Uncorrelated Deals: The Diversification Advantage for LPs
Why investing in the Interior Innovation Corridor reduces portfolio risk and strengthens long-term venture returns.
Institutional LP portfolios have a concentration problem. Over the last two decades, the majority of venture capital dollars have flowed into the same coastal innovation hubs — Silicon Valley, New York, and Boston. While these ecosystems have produced significant returns, they have also created an unintended consequence: highly correlated venture exposure across funds, sectors, and exit markets.
This means that LPs investing in multiple coastal VC funds often end up owning the same kinds of companies — and in many cases, the same actual companies, just through different syndicates. Their portfolios move in lockstep, rise and fall together, and are sensitive to the same macroeconomic factors.
The Interior Innovation Corridor (IIC) offers a powerful solution to this concentration risk. Because its innovation economy is grounded in hardtech, manufacturing, materials, energy, aerospace, medtech, and national security, the companies emerging from the IIC behave very differently than those in software-heavy coastal ecosystems. As a result, they provide something venture investors rarely find: uncorrelated returns.

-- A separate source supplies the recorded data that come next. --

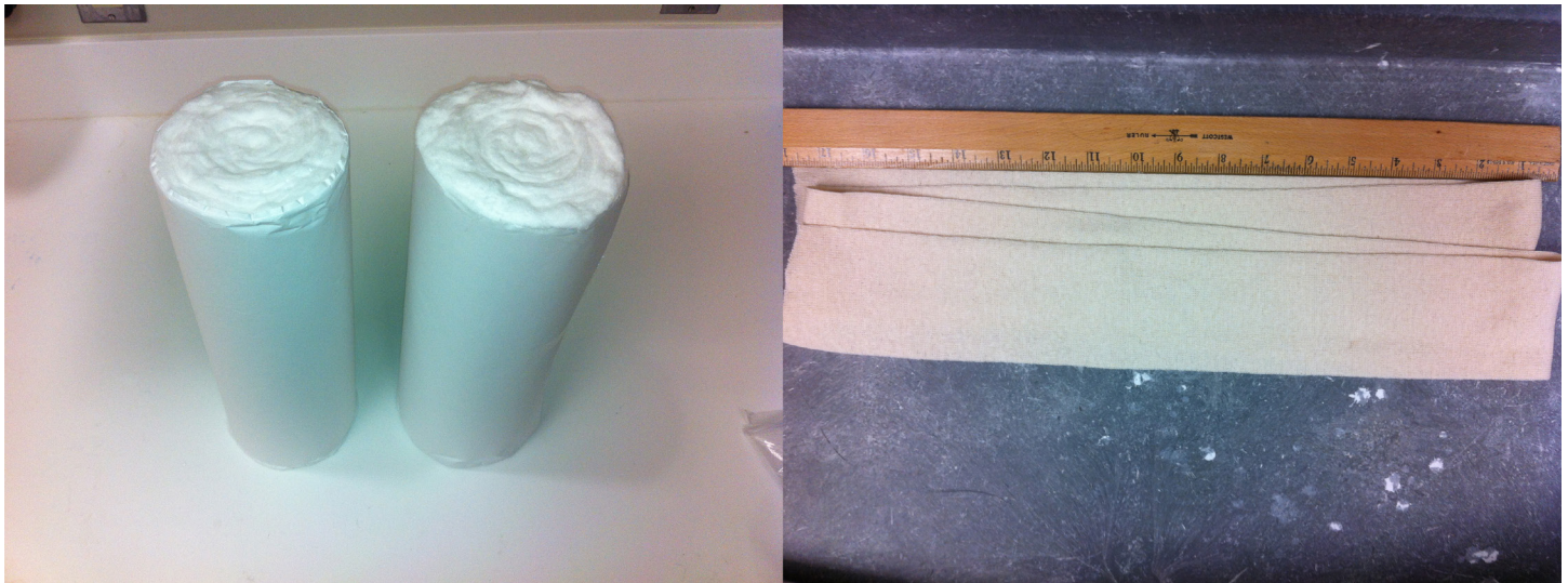
Figure 2. Two 14-inch cotton rolls and 4 feet of 4 inch stockinette are prepared.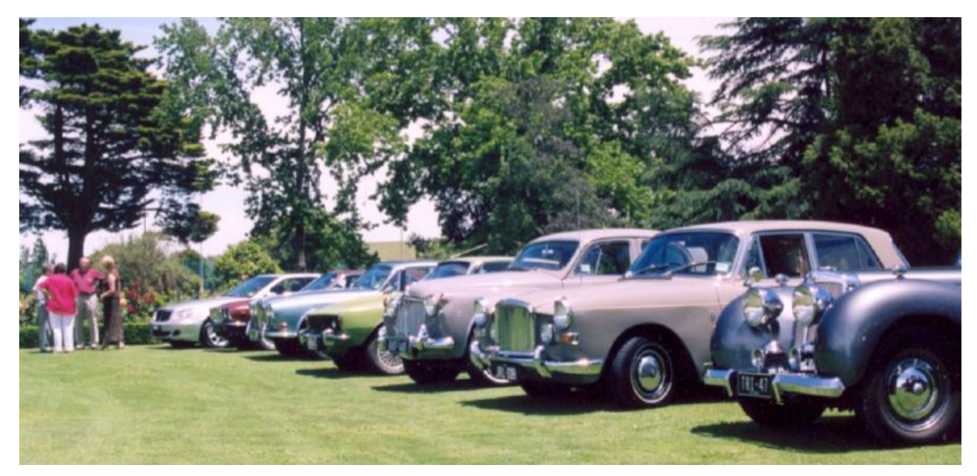
Line up of fine British Classics, the modern German sneaked in somehow!

A wonderful lunch was enjoyed by all, the chicken pieces were exceptionally delicious. After the meal our President gave an oration thanking those who had helped make the year's activities so successful and a special welcome was extended to our visitors from England. Then we spent time admiring the cars lined up on the lawn. There were splendid examples from Rover, Jaguar, Triumph, Van den Plas (Austin), MG, HMB, and, a Euro ring-in, Mercedes-Benz. There were some others parked under the trees that the writer can not accurately remember. Apologies for missing any margues.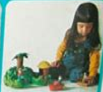
Hours of fun with Gilligan and friends.

The Coastal Correlation Problem
Coastal portfolios are dominated by:
SaaS
fintech
cloud platforms
messaging and marketplaces
consumer tech
AI and ML-model companies
These categories share:
the same customer base
the same revenue models
the same talent pools
the same late-stage growth investors
the same dependency on NASDAQ multiples
the same exit pathways (Big Tech acquisition or IPO)
In other words: they rise and fall together.

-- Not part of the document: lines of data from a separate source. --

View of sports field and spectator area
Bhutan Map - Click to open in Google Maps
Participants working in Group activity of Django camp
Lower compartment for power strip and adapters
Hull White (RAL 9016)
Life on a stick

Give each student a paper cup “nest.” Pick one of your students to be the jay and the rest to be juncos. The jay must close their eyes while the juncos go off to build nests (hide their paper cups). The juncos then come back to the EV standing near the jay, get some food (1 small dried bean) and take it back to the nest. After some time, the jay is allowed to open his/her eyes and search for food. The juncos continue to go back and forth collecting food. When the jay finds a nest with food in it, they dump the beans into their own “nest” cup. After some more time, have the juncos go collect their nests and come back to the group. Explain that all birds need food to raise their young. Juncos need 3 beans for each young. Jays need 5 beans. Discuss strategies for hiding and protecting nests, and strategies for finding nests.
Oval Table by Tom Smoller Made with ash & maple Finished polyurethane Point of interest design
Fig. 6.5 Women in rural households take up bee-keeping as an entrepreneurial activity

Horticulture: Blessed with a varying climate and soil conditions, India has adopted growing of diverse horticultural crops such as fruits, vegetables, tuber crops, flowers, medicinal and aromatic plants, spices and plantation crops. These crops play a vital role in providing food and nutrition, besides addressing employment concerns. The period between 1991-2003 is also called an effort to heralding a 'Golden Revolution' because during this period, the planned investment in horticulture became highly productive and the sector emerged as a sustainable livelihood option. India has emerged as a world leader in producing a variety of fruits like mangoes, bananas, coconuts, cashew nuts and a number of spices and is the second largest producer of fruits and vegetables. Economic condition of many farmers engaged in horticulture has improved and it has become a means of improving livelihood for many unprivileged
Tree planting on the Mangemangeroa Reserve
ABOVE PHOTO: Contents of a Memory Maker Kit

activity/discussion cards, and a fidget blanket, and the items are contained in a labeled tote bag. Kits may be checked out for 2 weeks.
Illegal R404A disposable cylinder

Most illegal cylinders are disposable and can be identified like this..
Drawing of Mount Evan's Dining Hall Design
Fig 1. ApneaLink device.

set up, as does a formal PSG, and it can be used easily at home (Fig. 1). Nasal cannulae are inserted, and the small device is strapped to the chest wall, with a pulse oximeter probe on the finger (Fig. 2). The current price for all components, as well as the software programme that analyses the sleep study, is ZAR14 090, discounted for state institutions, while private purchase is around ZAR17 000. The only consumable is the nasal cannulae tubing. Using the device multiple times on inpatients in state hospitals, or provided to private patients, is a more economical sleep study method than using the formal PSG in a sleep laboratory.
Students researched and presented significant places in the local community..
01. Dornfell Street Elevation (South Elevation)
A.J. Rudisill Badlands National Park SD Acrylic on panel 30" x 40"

When capital tightens, talent becomes expensive, or tech multiples compress, the entire sector — and therefore the entire portfolio — reacts simultaneously. LPs with multiple coastal VC relationships often find that their venture exposure is far more correlated than intended.
Why the IIC Provides True Diversification
The Interior Innovation Corridor breaks this pattern because the companies emerging from the region operate in different industries, cycles, and customer markets entirely.
1. Sectoral Separation
IIC startups focus on:
advanced materials
industrial automation
mobility and aerospace
medtech and devices
energy and climate technologies
food and agriculture systems
defense and dual-use technologies
These sectors have macro-drivers that differ from tech markets, including:
industrial demand
defense appropriations
infrastructure spending
supply chain reshoring
healthcare system procurement
energy policy
These cycles are counter-cyclical to software.
2. Unique Exit Pathways
IIC exits involve:
defense primes
aerospace corporations
energy majors
automotive OEMs
hospital systems
advanced manufacturers
These acquirers are not dependent on SaaS multiples or Big Tech consolidation patterns. Their buying behavior is driven by strategic needs, not market sentiment.
3. Minimal Cap Table Overlap
Coastal funds tend to syndicate together (Sequoia, a16z, Founders Fund, GC, Tiger, Coatue, etc.).
IIC funds — by design — operate in entirely different syndicates:
regional VC
strategic corporates
federal partners
university commercialization groups
LPs who invest in the IIC are not buying the same companies twice.
Hardtech Is Less Correlated — and More Durable
Hardtech companies take longer to mature, but have:
deeper moats
higher switching costs
more defensible IP
clearer pathways to revenue
lower susceptibility to hype cycles
Most importantly:
They do not depend on speculative growth rounds to maintain valuation momentum.
This gives LPs exposure to long-duration, asset-backed venture value that moves independently from software markets.
The Takeaway
Allocating capital to the IIC is not just an investment in a rising innovation region — it is a strategic risk-management decision.
By investing in companies that operate in different cycles, address different markets, and follow different exit paths, LPs gain:
lower correlation
reduced concentration risk
higher portfolio resilience
exposure to real-economy growth
alignment with national priorities like manufacturing, energy, and defense
The IIC delivers something coastal VC cannot: true diversification.
This is why sophisticated LPs are increasingly viewing the IIC as a necessary complement to their coastal venture exposure — not an alternative, but an essential balancing force.